## EXERCISE DATA

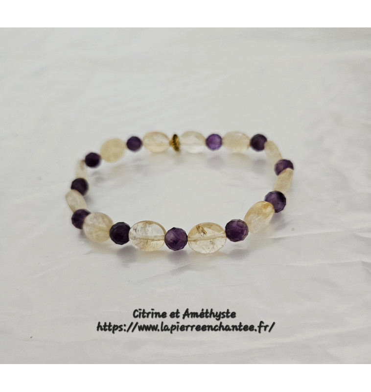 Bracelet en Citrine et Améthyste, bijou bien-être aux finitions dorées.
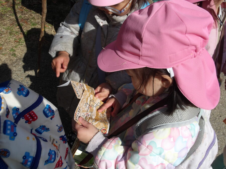朝の会をして、そろそろ出かけようという頃、「ポストにお手紙が入っていたよ」と子どもたち宛のお手紙を園長先生から預かりました。
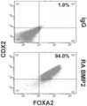 2A-2D show that a differentiation method using bone morphogenetic protein-4 (BMP4) results in a monolayer of intestinal mesenchymal endoderm cells that contain both CDX2 and FOXA2 at the transcript and protein levels. 2A (bottom) shows that 90.0±5.85% of S3D5 cells co-expressed for both CDX2 and FOXA2 proteins, similar to the percentage observed in Caco-2 cells (86.0±6.67). In contrast, there was no CDX2 and FOXA2 coexistence in definitive endoderm (DE - S1D3) cells (2.3±1.2). Gene expression analysis showed that CDX2 was induced during phase 3 (FIG. 2B) and FOXA2 was maintained (FIG. 2C). Fig. 2d shows that CDX2 protein levels and CDX2/FOXA2 protein coexistence were induced after the establishment of the FOXA2-positive primitive intestinal endoderm stage, S2D2 (Fig. 2d-i), and gradually increased until S3D2 (Fig. 2d-ii), followed by S3D5 (Fig. 2d-i). 2d-iii) reached levels similar to those seen in Caco-2 cells (Fig. 2d-iv). CDX2 protein is shown in the bottom row and FOXA2 protein is shown in the top row. Each image was taken using the same parameters to enable quantitative analysis. Protein expression was assessed by FACS; Gene expression was assessed by qPCR.

## TASK DIRECTIONS
When a line carries an image, skip the image and repeat everything else above exactly as written.

## WRITTEN REPLY
 Bracelet en Citrine et Améthyste, bijou bien-être aux finitions dorées.
朝の会をして、そろそろ出かけようという頃、「ポストにお手紙が入っていたよ」と子どもたち宛のお手紙を園長先生から預かりました。
 2A-2D show that a differentiation method using bone morphogenetic protein-4 (BMP4) results in a monolayer of intestinal mesenchymal endoderm cells that contain both CDX2 and FOXA2 at the transcript and protein levels. 2A (bottom) shows that 90.0±5.85% of S3D5 cells co-expressed for both CDX2 and FOXA2 proteins, similar to the percentage observed in Caco-2 cells (86.0±6.67). In contrast, there was no CDX2 and FOXA2 coexistence in definitive endoderm (DE - S1D3) cells (2.3±1.2). Gene expression analysis showed that CDX2 was induced during phase 3 (FIG. 2B) and FOXA2 was maintained (FIG. 2C). Fig. 2d shows that CDX2 protein levels and CDX2/FOXA2 protein coexistence were induced after the establishment of the FOXA2-positive primitive intestinal endoderm stage, S2D2 (Fig. 2d-i), and gradually increased until S3D2 (Fig. 2d-ii), followed by S3D5 (Fig. 2d-i). 2d-iii) reached levels similar to those seen in Caco-2 cells (Fig. 2d-iv). CDX2 protein is shown in the bottom row and FOXA2 protein is shown in the top row. Each image was taken using the same parameters to enable quantitative analysis. Protein expression was assessed by FACS; Gene expression was assessed by qPCR.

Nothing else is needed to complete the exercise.